• Raw data
= = = = = = =

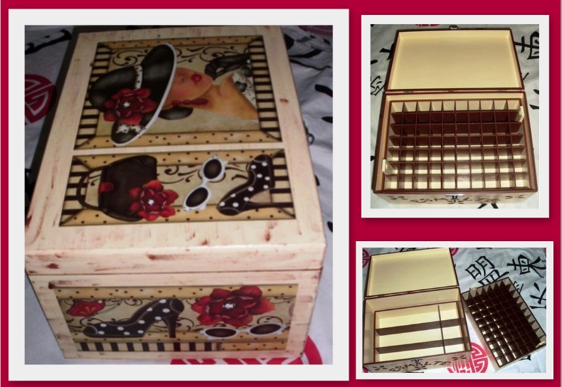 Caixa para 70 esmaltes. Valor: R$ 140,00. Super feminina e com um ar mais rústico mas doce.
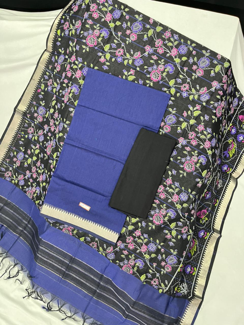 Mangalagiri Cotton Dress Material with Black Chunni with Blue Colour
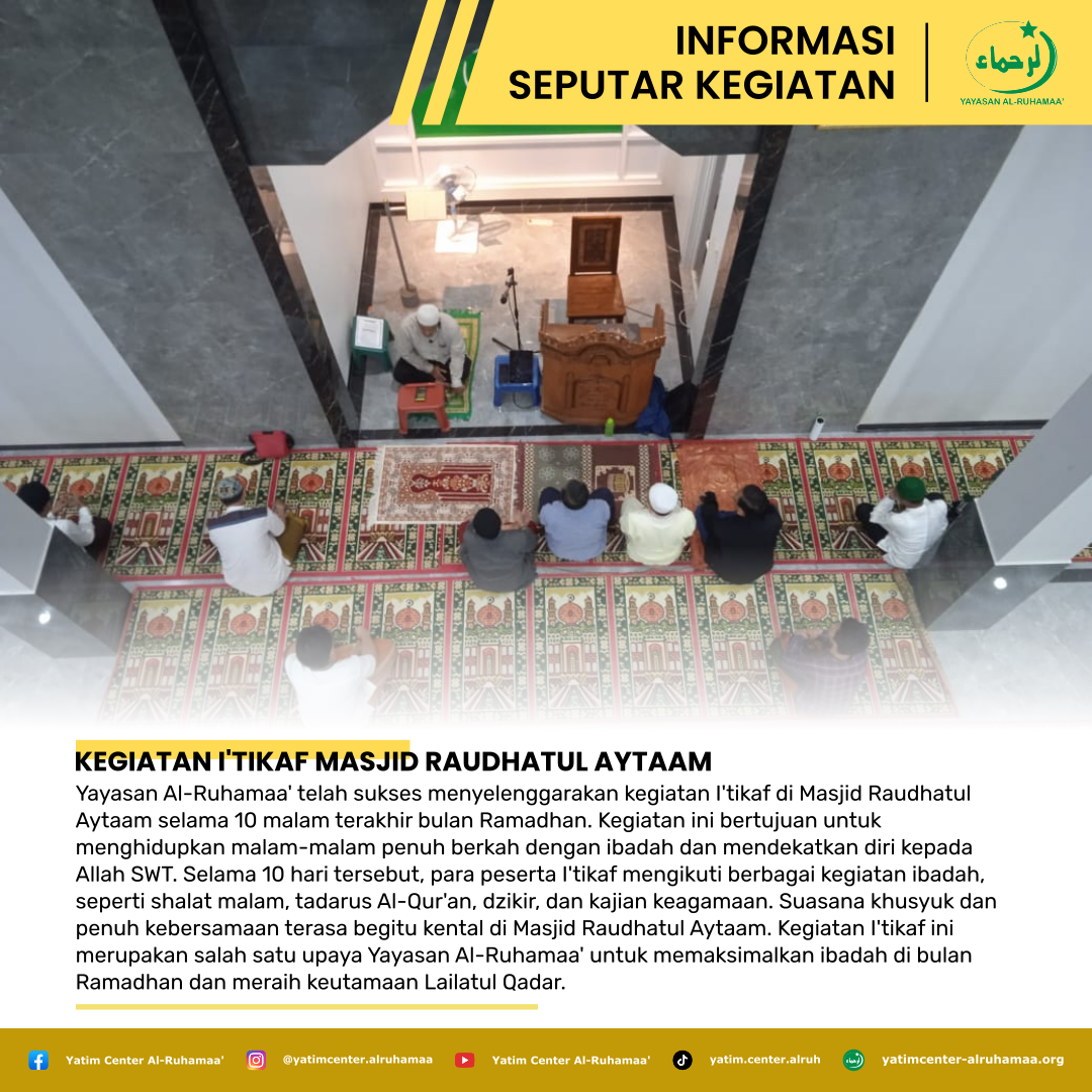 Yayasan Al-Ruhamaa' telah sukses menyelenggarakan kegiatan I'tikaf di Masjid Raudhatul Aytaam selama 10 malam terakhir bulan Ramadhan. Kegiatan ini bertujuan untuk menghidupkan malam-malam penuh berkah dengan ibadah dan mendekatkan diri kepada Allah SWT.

= = = = = = =

Quote the preceding listing precisely and completely, omitting its images.

 Caixa para 70 esmaltes. Valor: R$ 140,00. Super feminina e com um ar mais rústico mas doce.
 Mangalagiri Cotton Dress Material with Black Chunni with Blue Colour
 Yayasan Al-Ruhamaa' telah sukses menyelenggarakan kegiatan I'tikaf di Masjid Raudhatul Aytaam selama 10 malam terakhir bulan Ramadhan. Kegiatan ini bertujuan untuk menghidupkan malam-malam penuh berkah dengan ibadah dan mendekatkan diri kepada Allah SWT.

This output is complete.